Doc: "Jen, open your eyes! Open your eyes" {screams} {loud, loud scream} "It's a girl" {newborn cries} "Oh my God, it's a girl" {husband joyously cries and nervously laughs} "Hi sweetie!" "Can you believe it's a girl?" {husband cries and laughs more} {"You did great"}"She's perfect" "I'm sorry! Did I yell too loud?" "I think I yelled too loud"

I did this. And it was beautiful.

I completely understand why a woman would choose to have an epidural. I completely understand why a woman would never have a VBAC (vaginal birth after c-section). I completely understand why a woman would learn her baby's gender pre-birth. But I loved the pure, raw emotion in that delivery room on 11/11/16. My husband cried in the most passionate way I've ever seen a person cry. One moment I was feeling a pain unlike anything I'd ever experienced before. The next moment, ultimate joy. I've never felt so alive in all my life.

All pregnancies are different. All women are different. All deliveries are different. All babies are different. And all are beautiful.

Just know this, if you are a competitive woman who wants to give birth without pain meds, you can do it. I mean, if the lady who threw a fit about ripping off a Band-Aid can do it, so can you.

(Mamas, I cannot recommend the birthing gown I'm wearing in the below photo enough! My dear friend got it for me. It is from her sister-in-law's company, Della B.. Since I was in the tub right before I gave birth, I did not have it on for my actual delivery, but it has all the snaps, zippers, etc. to be functional for delivery and breastfeeding. There's a recovery gown too. I think I wore mine the whole time I was in the hospital and when I got home! It was such an incredibly thoughtful gift!)


  1. The agony & the ecstasy, so beautiful your experience, inspiration & courage. Thank you for sharing this remarkable experience & so happy for you & your hubby!

  2. Thank you so much for you kind words!!! It truly was incredible.
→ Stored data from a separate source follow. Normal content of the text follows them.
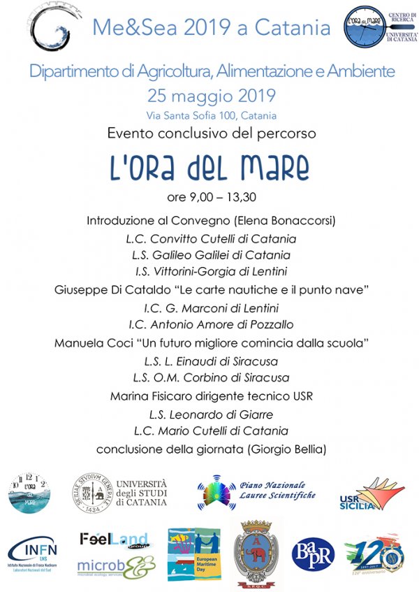 Si tratta dell'evento conclusivo del percorso “L’ora del mare” avviato dall'omonimo centro di ricerca d'Ateneo con il supporto dei delegati catanesi del Piano Nazionale Lauree Scientifiche, nell'ambito della più ampia iniziativa "Me&Sea" promossa sin dal 2015 dall'associazione FeelLand per celebrare la Giornata europea del mare.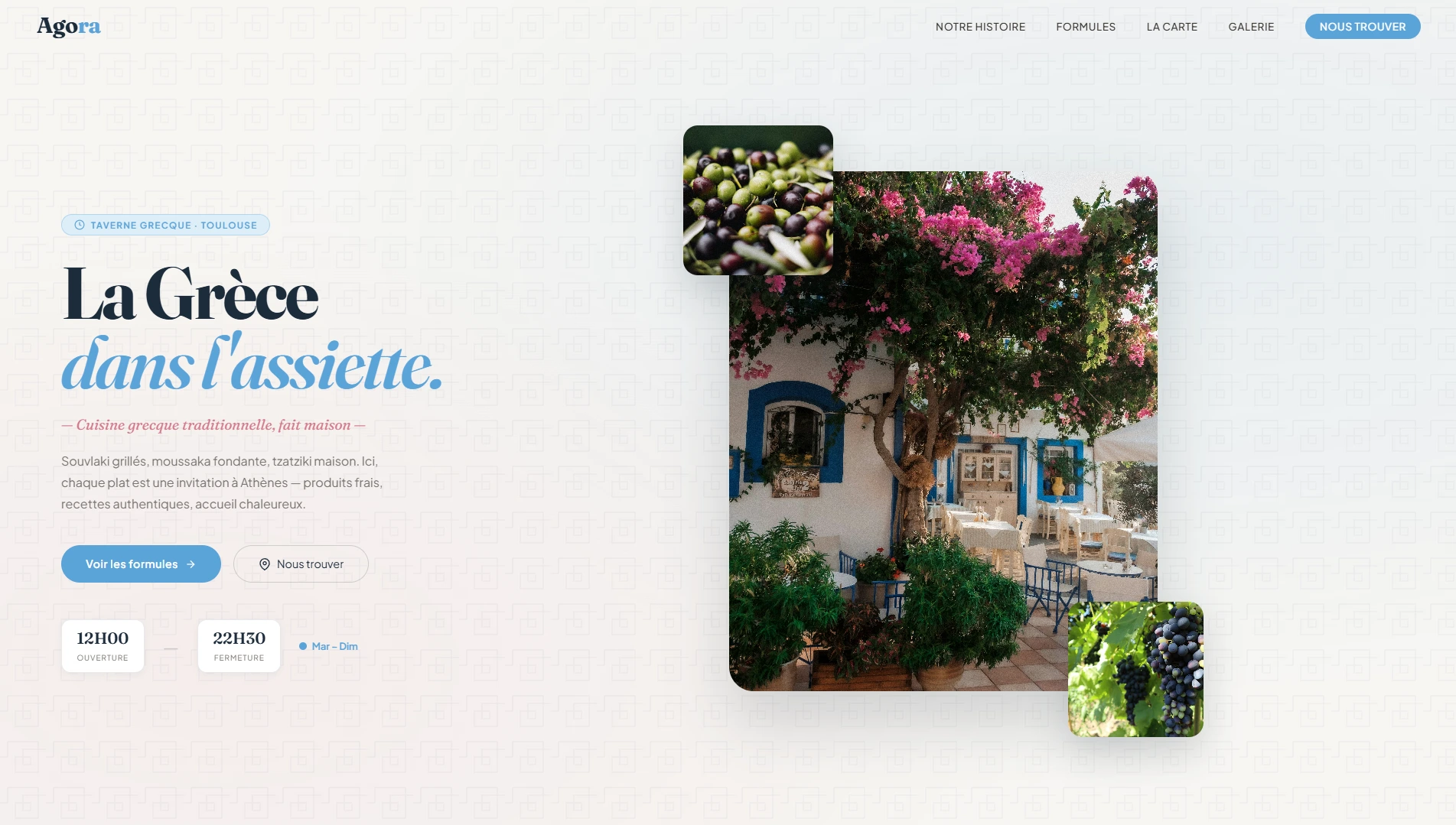 Un site vitrine pour un restaurant grec, conçu pour afficher les menus, les plats et leur façon de faire.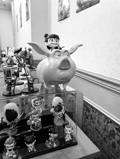 四川代表團(tuán)會(huì)議現(xiàn)場(chǎng)布置的《哪吒》系列周邊產(chǎn)品展區(qū)。本報(bào)記者 林煥新 攝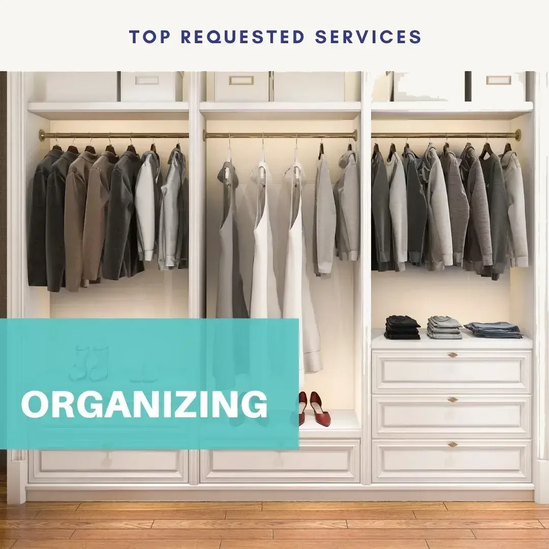 3. Organizing – We help our clients declutter and organize any room in their home from the closet to the garage. We deal with taking away donations and consignment items, as well as purchasing storage and organizing items needed to complete the task. We implement simple systems that are easy to maintain, that enable our clients to utilize their space, and stay organized.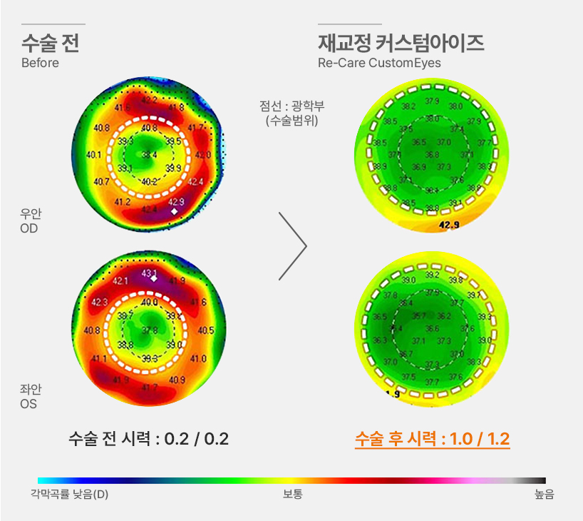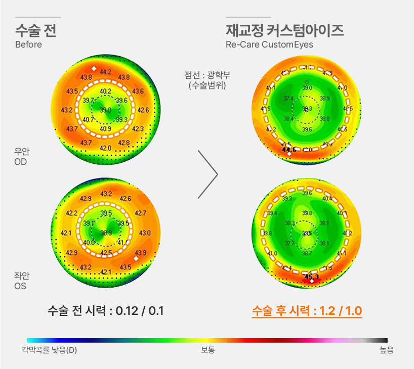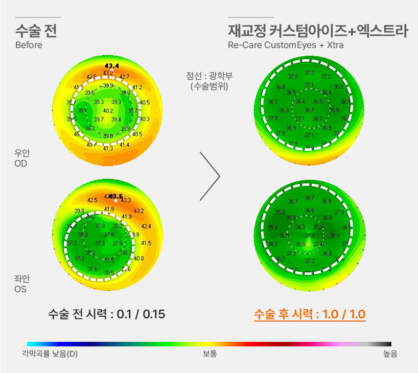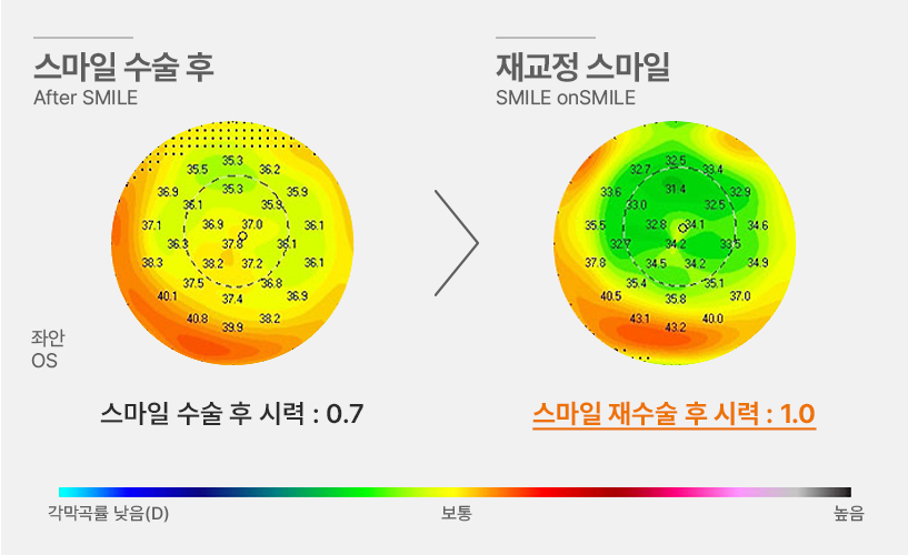 고도근시와 난시였던 왼쪽 눈이 저교정 되어 스마일라식으로 재교정 치료를 받으셨습니다.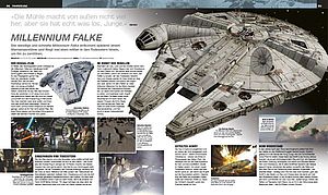 Ein buntes Sammelsurium an Waffen und Ausrüstung aus allen Filmen prägen das Kapitel „Technik“. Auch viele Droiden werden hier eingeordnet, sofern sie keine namhaften Helden wie C-3PO, R2-D2 oder BB-8 sind. Eher kürzerer Natur sind ebenfalls die Raumschiff- und Fahrzeug-Einträge in Kapitel 4. Hier bleibt das Werk deutlich hinter Geschwisterprodukten wie den Risszeichnungs-Bänden zurück. Aber da die Zielsetzung im vorliegenden Fall eindeutig der kompakte Überblick ist, kann man das dem Buch nicht vorwerfen. Lücken fallen auch hier ein wenig auf, insbesondere im Bereich der Podrenner. Einzelne Doppelseiten, die allerdings sehr bilderreich sind, erhalten namhafte Gefährte wie die Sklave 1 oder der Millennium Falke. Beschämend wenig Platz wird dagegen „imperialen“ Superschiffen wie etwa der Executor oder Snokes Supremacy eingeräumt.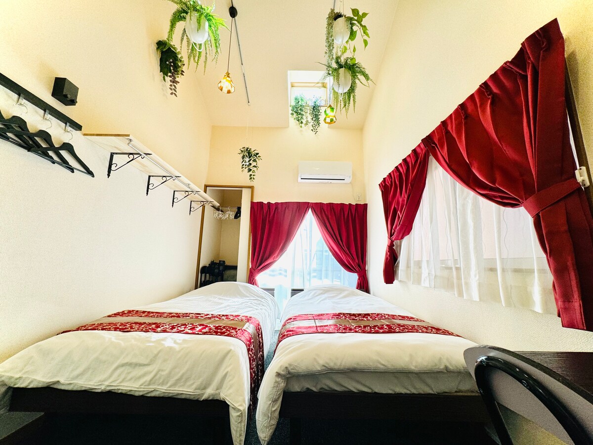 2Rooms&ロフト付きのお部屋で1階にあります。 専用の玄関で、トイレ、バスルーム、キッチン、部屋は全て貸切で専用です。 シングルベッドが2台、ロフトにダブルのマットレスが2つあります。 お部屋を広く使用したい時は、シングルベッドを重ねることが出来ます。 ◼️設備 TV、Wi-Fi、エアコン2台、冷蔵庫、電子レンジ、電気ポット、鍋、各種お皿(調味料はございません)洗濯機、洗濯洗剤、扇風機 ◼️アメニティー タオル、バスタオル、シャンプー、コンディショナー、ボディーソープ、ヘアードライヤー、歯ブラシ、歯磨き粉、スリッパ ◼️注意事項 ロフトの天井は低く、ハシゴの昇り降りが急ですので、高齢の方や小さなお子様には不向きです。 最大5人までご利用可能ですが、荷物を広げるスペースが狭いのでご了承下さい。 ◼️近くのコンビニ、スーパー コンビニ(セブンイレブン、ローソン、ファミリーマート)徒歩2分 ディスカウントストアMrMaxまで徒歩3分 スーパーマーケット(サニー、マックスバリュー)まで徒歩3分 同じ建物にも部屋がありますので、人数が多い場合はご連絡下さい。

  3. I had one epidural with my 2nd child after we found out he would be stillborn. I chose to do it because my heart was so broken I did not think I could tolerate any more pain. I regret it to this day. I was miserable after the delivery, not only because I was going home without a baby to hold in my arms, but because I had missed out on the experience. I have 3 beautiful children that I was able to take home and hold in my arms and I chose to have them naturally. It does take courage, but you find out that you are stronger than you ever thought possible. Thank you for sharing your experience!

  4. Jill, I'm so sorry you had to go through that. Thank you for sharing your story. You certainly are incredibly strong. I am so glad to hear you have three beautiful children although I'm sure that does not erase the pain you experienced.